Visas USA : Lomé dans le cercle fermé
Washington prépare une profonde réorganisation de ses services consulaires en Afrique, mais le Togo sort gagnant : Lomé figure parmi les vingt villes du continent qui conserveront le traitement complet des visas américains.
Lomé devrait renforcer davantage sa position dans le dispositif consulaire des États-Unis en Afrique. Selon des informations révélées par l’Associated Press (AP), l’administration du président Donald Trump envisage de réduire drastiquement le nombre d’ambassades et de consulats africains habilités à traiter les demandes de visas pour les États-Unis.
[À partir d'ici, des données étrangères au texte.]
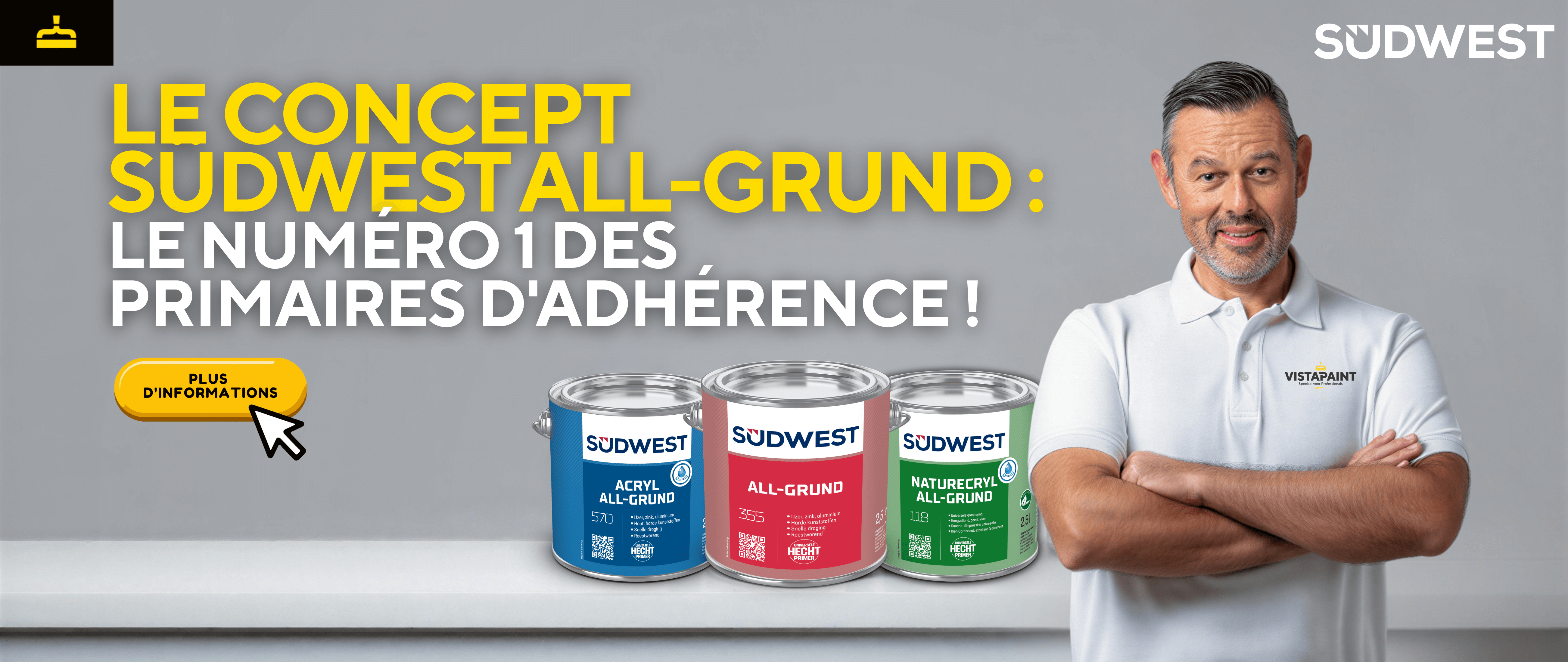 Quand il faut que cela tienne vraiment, tout commence avec le Südwest Acryl All-Grund. Le primaire d’accrochage numéro 1 et la base idéale pour un résultat final parfaitement net. En bonus, avec ce primaire performant, vous bénéficiez pendant tout le mois de février de 20 % DE REMISE à l’achat de 1 × 2,5 litres de Südwest Acryl All-Grund, dans les teintes noir, blanc et gris.

Sur une cinquantaine de représentations diplomatiques actuellement opérationnelles sur le continent, seules une vingtaine conserveraient une capacité complète de traitement des dossiers. Parmi elles figure l’ambassade des États-Unis au Togo, qui se retrouve ainsi au cœur du nouveau maillage consulaire américain en Afrique.
Dans cette réorganisation, Lomé rejoint un cercle restreint de plateformes régionales stratégiques comprenant notamment Abidjan, Accra, Dakar, Lagos, Nairobi et Johannesburg. Ces représentations seront chargées d’assurer l’essentiel des opérations liées à la délivrance des visas américains pour des millions de demandeurs africains.
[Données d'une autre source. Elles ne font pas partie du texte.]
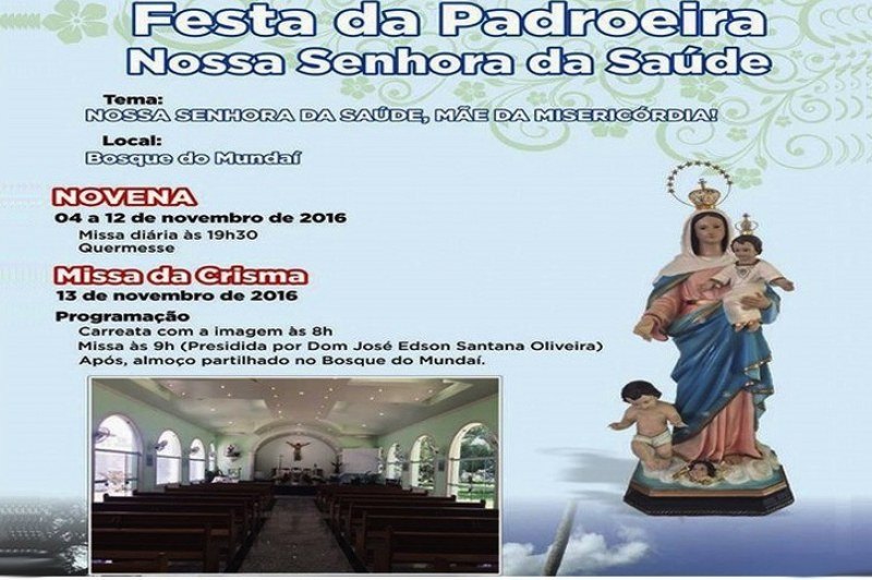 O Padre Ivan Ferreira da Rosa convida toda a comunidade de Porto Seguro à participar do “Novenário” de Nossa Senhora da Saúde que acontecerá do dia 04 à 12 de novembro. O evento contará com a realização diária da Santa Missa às 19h30 seguida de Quermesse.

Cette réforme s’inscrit dans la politique migratoire plus restrictive mise en œuvre par l’administration Trump depuis son retour à la Maison-Blanche. Washington a multiplié ces derniers mois les mesures visant à renforcer le contrôle des flux migratoires, avec un durcissement des procédures de vérification, l’introduction de nouvelles exigences administratives et la mise en place de cautions pouvant atteindre 15 000 dollars pour certaines catégories de demandeurs africains.
Pour le Togo, cette décision vient confirmer l’importance croissante de Lomé dans le réseau diplomatique américain. Depuis la suspension en 2025 de plusieurs services consulaires des États-Unis au Burkina Faso, de nombreux ressortissants burkinabè sont déjà orientés vers la capitale togolaise pour effectuer certaines démarches de visa.
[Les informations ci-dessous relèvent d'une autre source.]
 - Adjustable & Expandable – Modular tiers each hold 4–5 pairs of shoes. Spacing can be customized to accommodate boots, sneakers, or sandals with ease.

Si cette restructuration est officiellement adoptée, les citoyens des pays dont les représentations perdront leurs compétences consulaires devront désormais se déplacer vers l’un des vingt centres retenus. Une évolution qui pourrait accroître significativement l’affluence à l’ambassade américaine de Lomé et renforcer davantage son statut de pôle consulaire régional.